§ PROBLEM STATEMENT: All pictures are to be omitted while the lines starting at the line with "Minos Village är" and ending at the line with "Making an inference" in the material below are retyped exactly, both ends included.

======== MATERIAL SUPPLIED ========

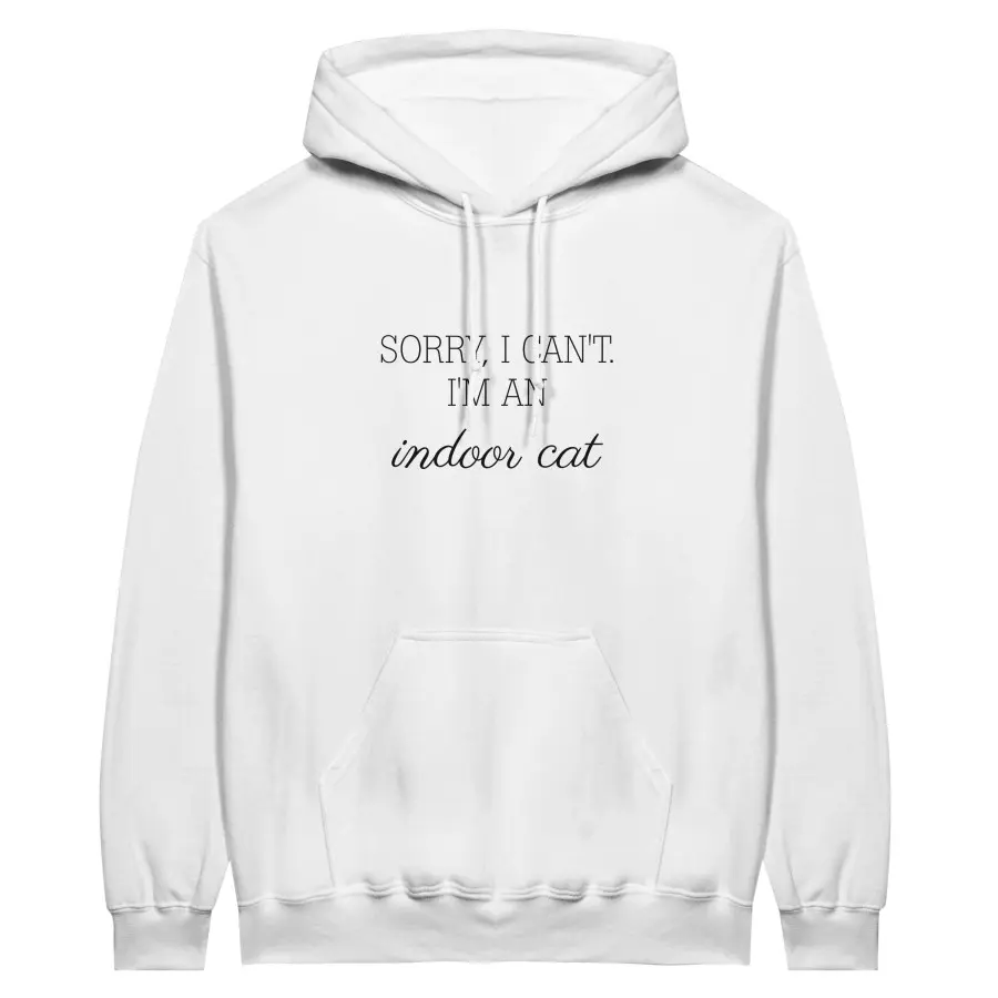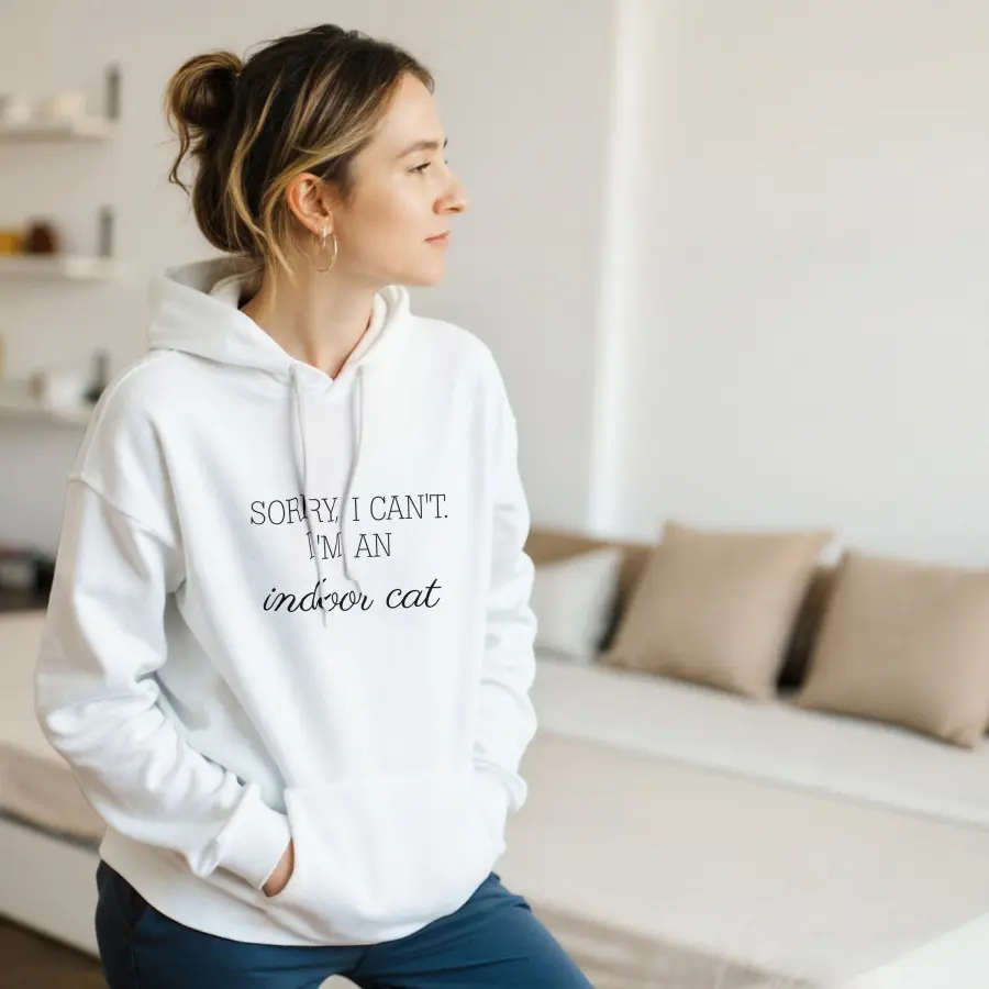 En vit luvtröja i mysig mjuk kvalitet och med bra passform. En tröja som passar dig som "innekatt" perfekt, du sitter kanske hellre hemma i soffan med en god kopp te och en bra bok - tillsammans med dina kissemissar - än att hoppa fallskärm.
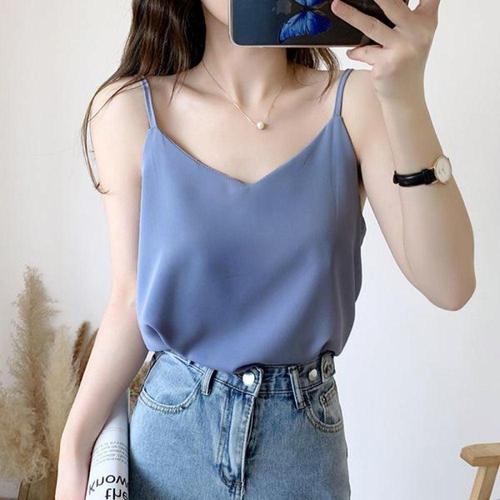 브이넥 여성 끈나시 여름옷 휴가복 WFKNYB0
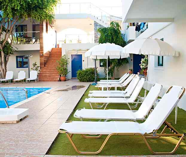 Minos Village är ett trevligt lägenhetshotell med lugnt läge i övre delen av Agia Marina. Här bor du i fräscha lägenheter och sviter med möjlighet att rå om dig själv och laga dina egna måltider. Vill du unna dig en middag ute någon kväll har hotellet en à la carte-restaurang och ännu fler restauranger finner du längs Agia Marinas huvudväg. Du kan även ta dig med lokalbussen till Platanias eller mysiga Chania stad för en god måltid i den gamla venetianska hamnen.
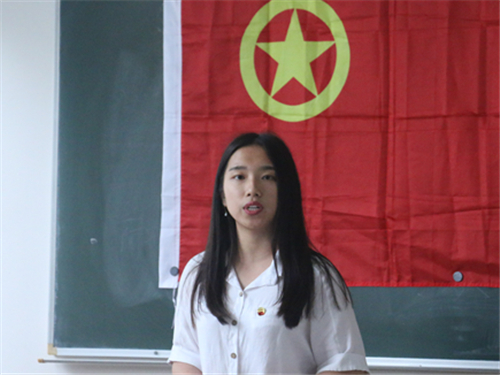 接下来,历史161班的同学们围绕“五四”这一主题,发表演讲。其中,马淑华同学给大家细述了五四运动代表人物李大钊“铁肩担道义,妙手著文章”的一生,重现了追求民主自由、求真求知的革命先驱形象。曽祥辉同学以五四运动的历史背景为切入点,通过提问互动让大家进一步熟悉五四青年节及共青团的相关知识。在交流感想环节中,李沐霖同学提到个人自由与社会进步的关系,引发同学们对不同时代的爱国行为的思考,提醒同学们警惕自我主义。
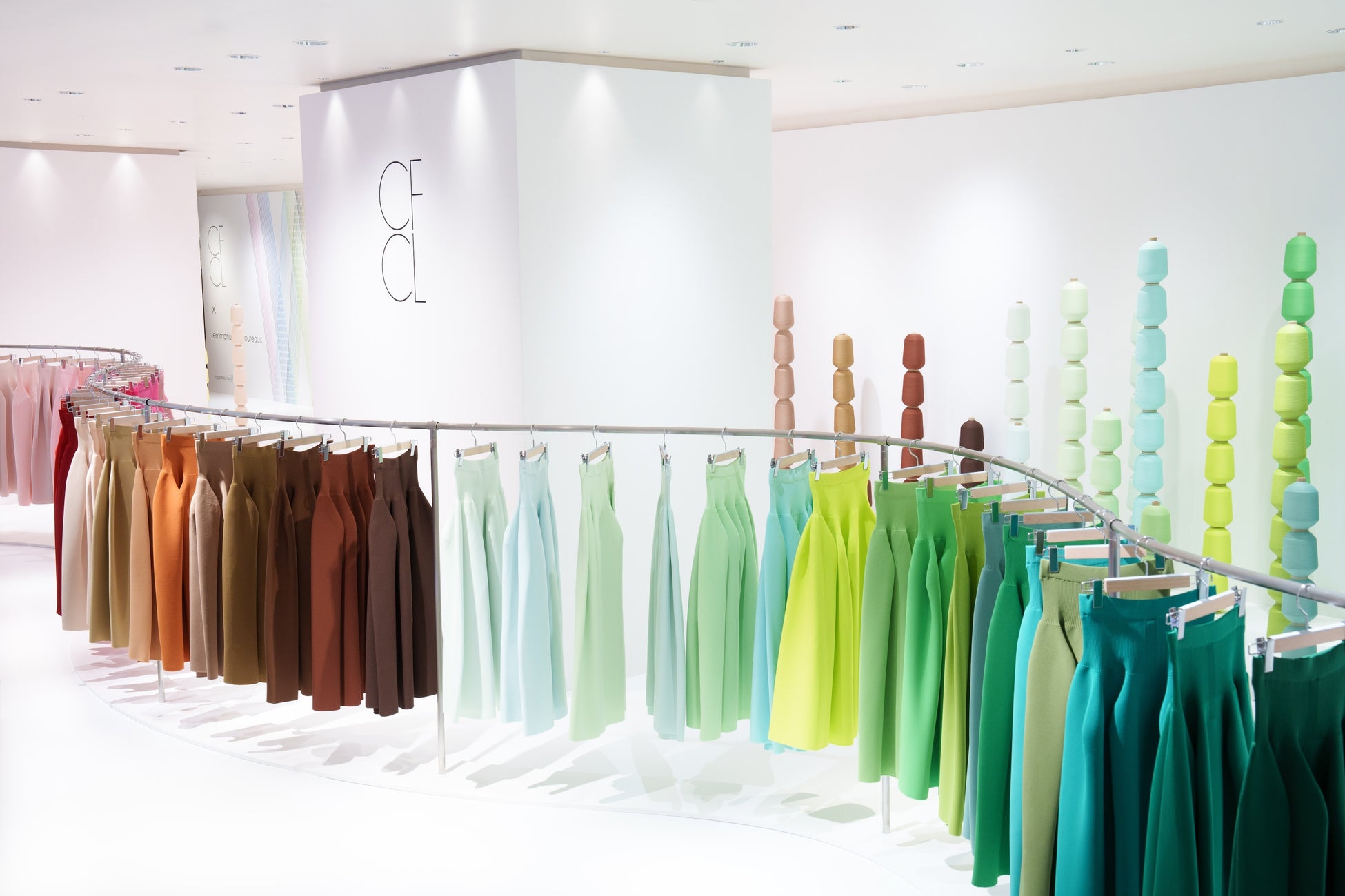 CFCLは、期間限定イベント「100 colors of skirts emmanuelle moureaux × CFCL Supported by ECOPET®」を開催中。会場のインスタレーションは「100 colors」を手がける建築家/アーティスト/デザイナーのエマニュエル・ムホー(emmanuelle moureaux)氏にディレクションを依頼し、100色のグラデーションによる彩りを纏った特別な空間へとゲストをお迎えします。
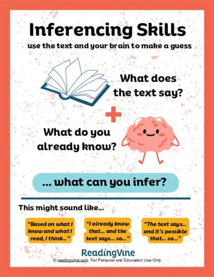 Making an inference involves using what you know to make a guess about what you don’t know or reading between the lines. Readers who make inferences use the clues in the text along with their own experiences to help them figure out what is not directly said, making the text personal and memorable.
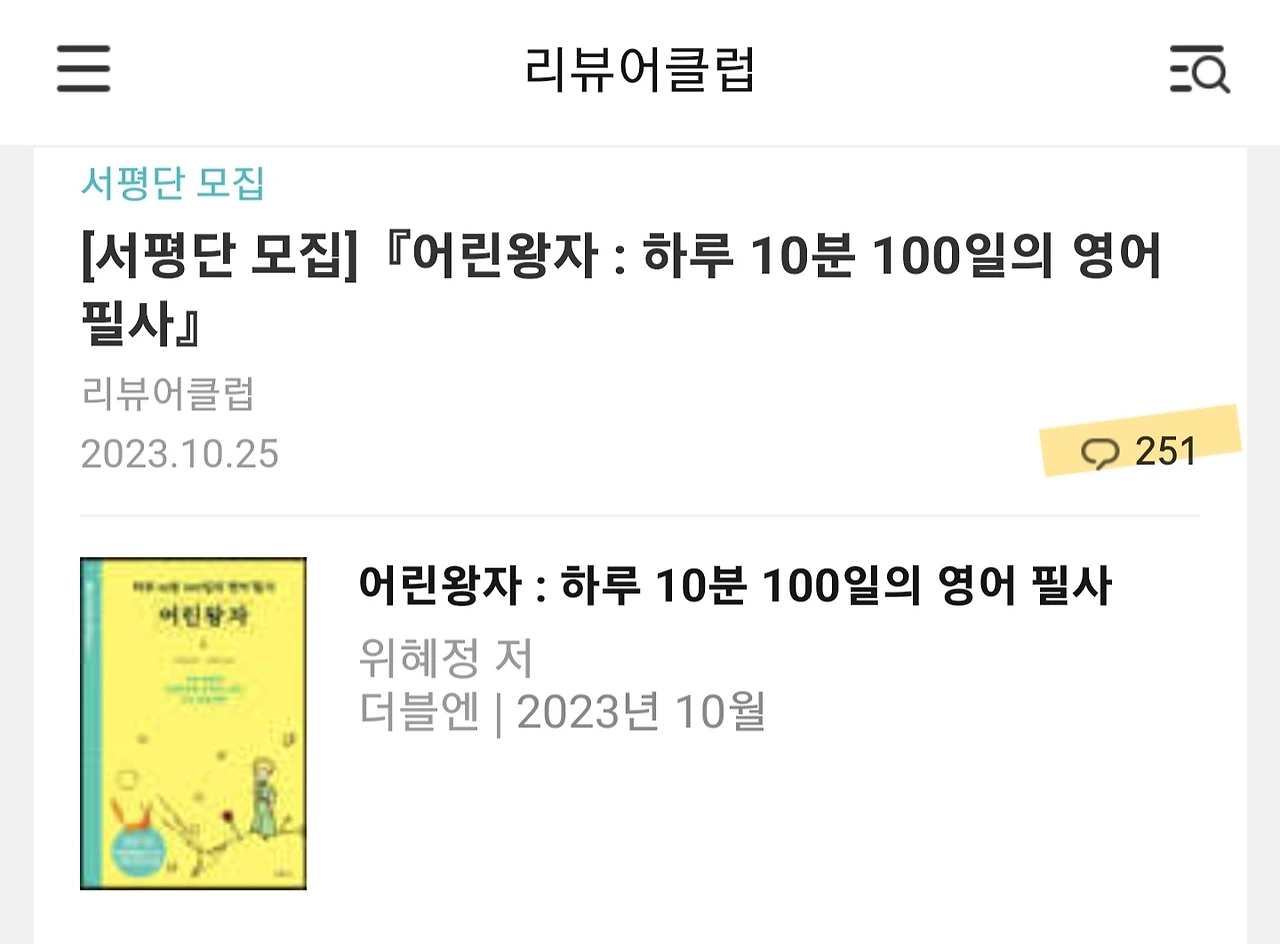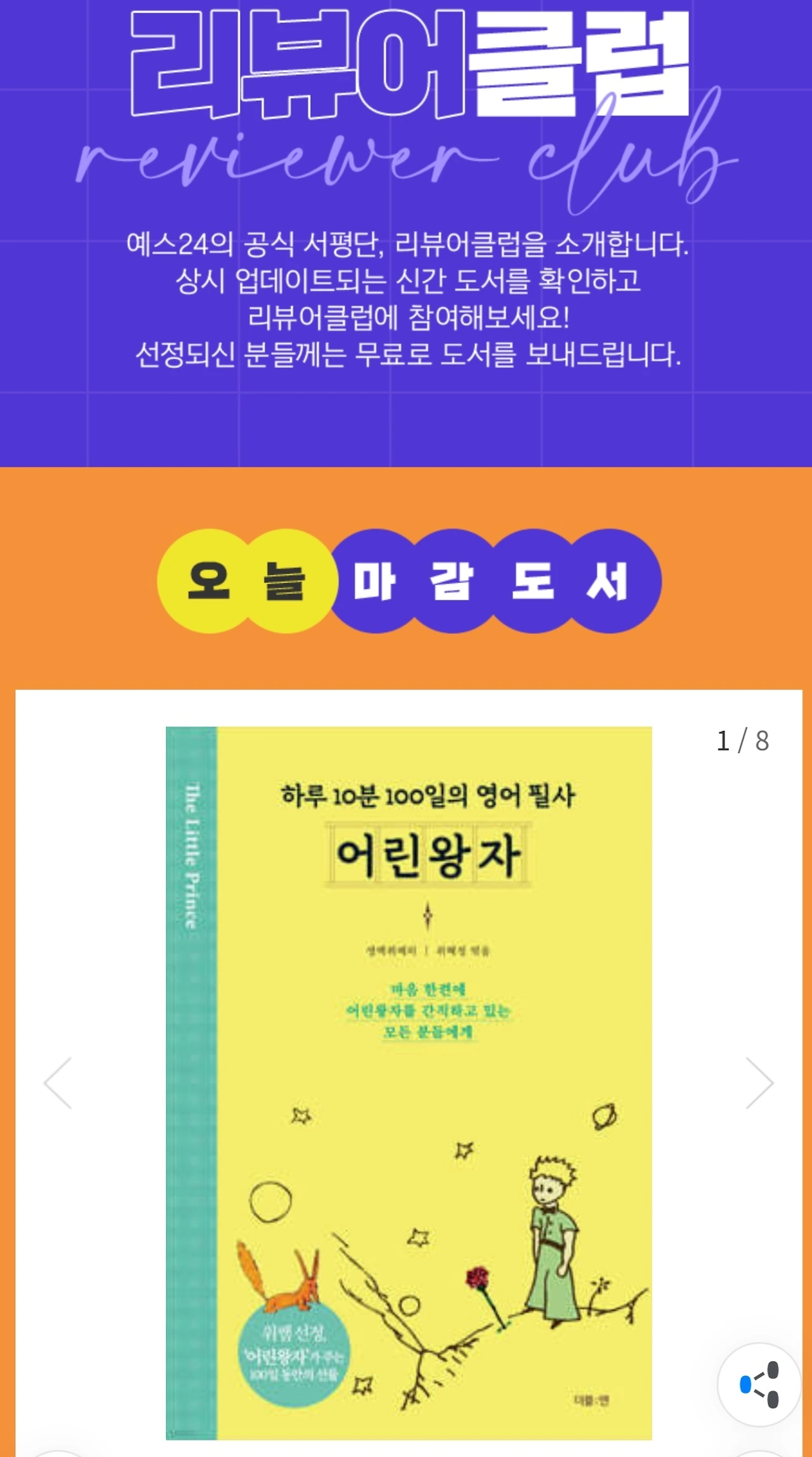 서평 역시 신간 소개 마케팅의 주요 수단 중 하나이다. 출판사는 전용 블로그나 홈페이지, 인터넷 카페, 인터넷 서점의 서평클럽 등 다양한 경로를 통하여 서평단을 모집한다. 온라인 서평은 추후에 책의 검색 노출량을 높이는 데 일조할 뿐만 아니라, 서평단 신청자 수는 독자들의 반응을 미리 살필 수 있는 지표가 되므로 출판사에서 자주 활용하는 툴이다. 편집장님께서 Yes24 <리뷰어 클럽>에 서평단 모집 공고를 낼 것이라는 언질을 주셨다. 신청 마감일에 클릭을 해보았더니 마감일이 같은 8권의 책 중에서 가장 많은 신청자수로 책이 첫 화면에 떠있다.
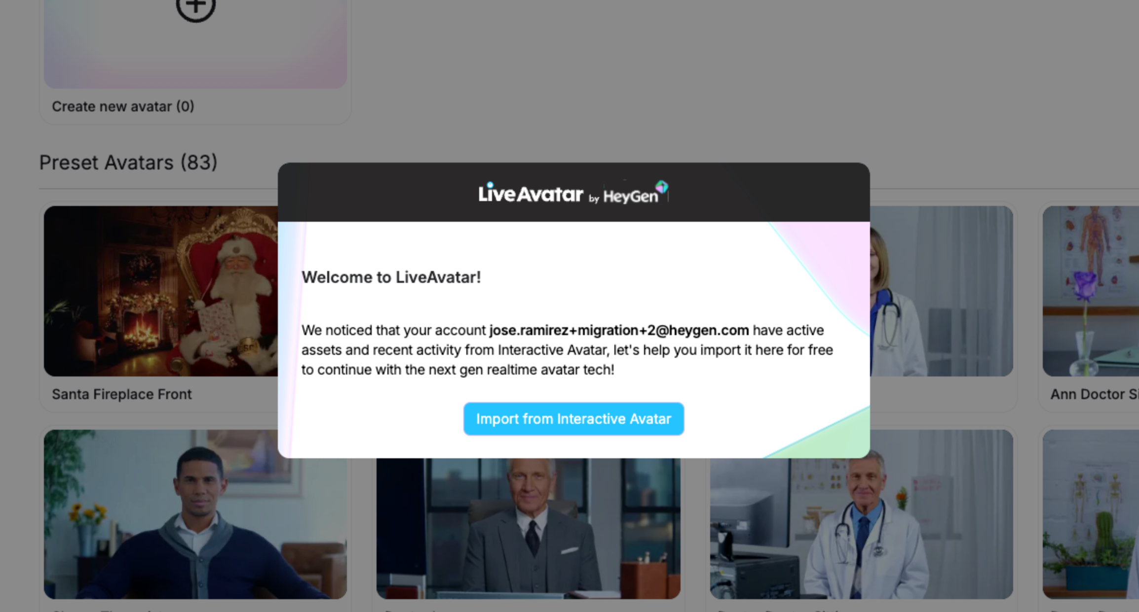 After copying over your assets, if you do not have an existing LiveAvatar subscription, we will grant you a temporary LiveAvatar subscription for 30 days. During this trial period, this will enable testing of the new migration changes and your changes will work across both LiveAvatar and HeyGen Interactive Avatar.
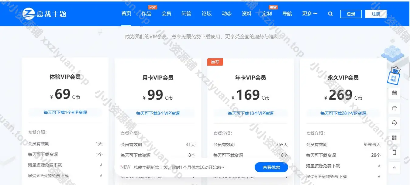 支持一切素材虚拟资源付费下载、以及付费/免费/VIP模式等线上运营体系,搭配主题高颜值办公素材专类满足所有素材下载业务需求。
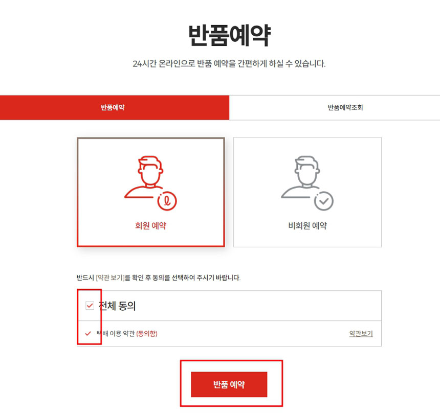 회원가입을 했으면 회원예약을 클릭 후 약관 동의하고 아래 [반품예약]을 클릭해주세요.
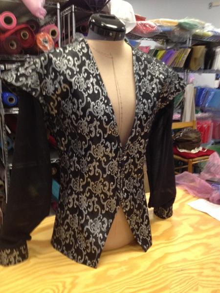 This doublet has front closures, separate sleeves on a powernet under-vest for easier partnering and balletic movement.
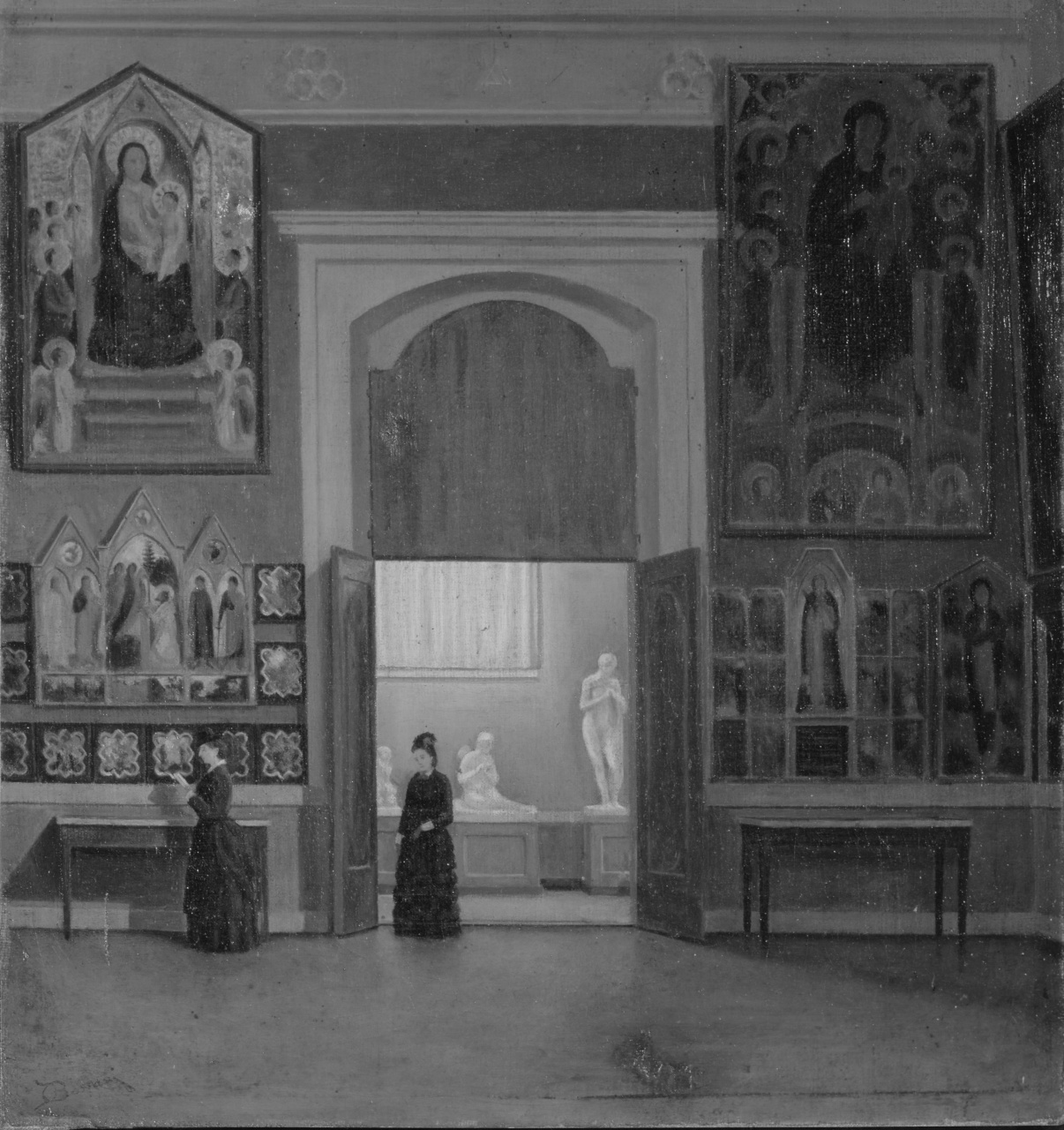 - NOTIZIE STORICO CRITICHE Nel dipinto è raffigurata una sala della Galleria dell'Accademia, allora facente parte del complesso dell'Accademia di Belle Arti, la sala detta "dei quadri grandi", dove tra gli altri dipinti sono riconoscibili la "Maestà" di Cimabue e quella di Giotto (oggi entrambe alla Galleria degli Uffizi). Oltre la porta aperta al centro del dipinto si vede uno scorcio di una sala con modelli in gesso, tra i quali si riconosce "Aconzio" di Ulisse Cambi: doveva probabilmente trattarsi della galleria dove erano esposte le opere premiate ai concorsi Triennali e i saggi di pensionato a Roma, delle quali oggi resta ben poco. Borrani dipinse anche uno scorcio della "Sala dei quadri antichi" in una tela conservata alla Galleria Nazionale d'Arte Moderna di Roma

========

§ FINAL ANSWER:
 Minos Village är ett trevligt lägenhetshotell med lugnt läge i övre delen av Agia Marina. Här bor du i fräscha lägenheter och sviter med möjlighet att rå om dig själv och laga dina egna måltider. Vill du unna dig en middag ute någon kväll har hotellet en à la carte-restaurang och ännu fler restauranger finner du längs Agia Marinas huvudväg. Du kan även ta dig med lokalbussen till Platanias eller mysiga Chania stad för en god måltid i den gamla venetianska hamnen.
 接下来,历史161班的同学们围绕“五四”这一主题,发表演讲。其中,马淑华同学给大家细述了五四运动代表人物李大钊“铁肩担道义,妙手著文章”的一生,重现了追求民主自由、求真求知的革命先驱形象。曽祥辉同学以五四运动的历史背景为切入点,通过提问互动让大家进一步熟悉五四青年节及共青团的相关知识。在交流感想环节中,李沐霖同学提到个人自由与社会进步的关系,引发同学们对不同时代的爱国行为的思考,提醒同学们警惕自我主义。
 CFCLは、期間限定イベント「100 colors of skirts emmanuelle moureaux × CFCL Supported by ECOPET®」を開催中。会場のインスタレーションは「100 colors」を手がける建築家/アーティスト/デザイナーのエマニュエル・ムホー(emmanuelle moureaux)氏にディレクションを依頼し、100色のグラデーションによる彩りを纏った特別な空間へとゲストをお迎えします。
 Making an inference involves using what you know to make a guess about what you don’t know or reading between the lines. Readers who make inferences use the clues in the text along with their own experiences to help them figure out what is not directly said, making the text personal and memorable.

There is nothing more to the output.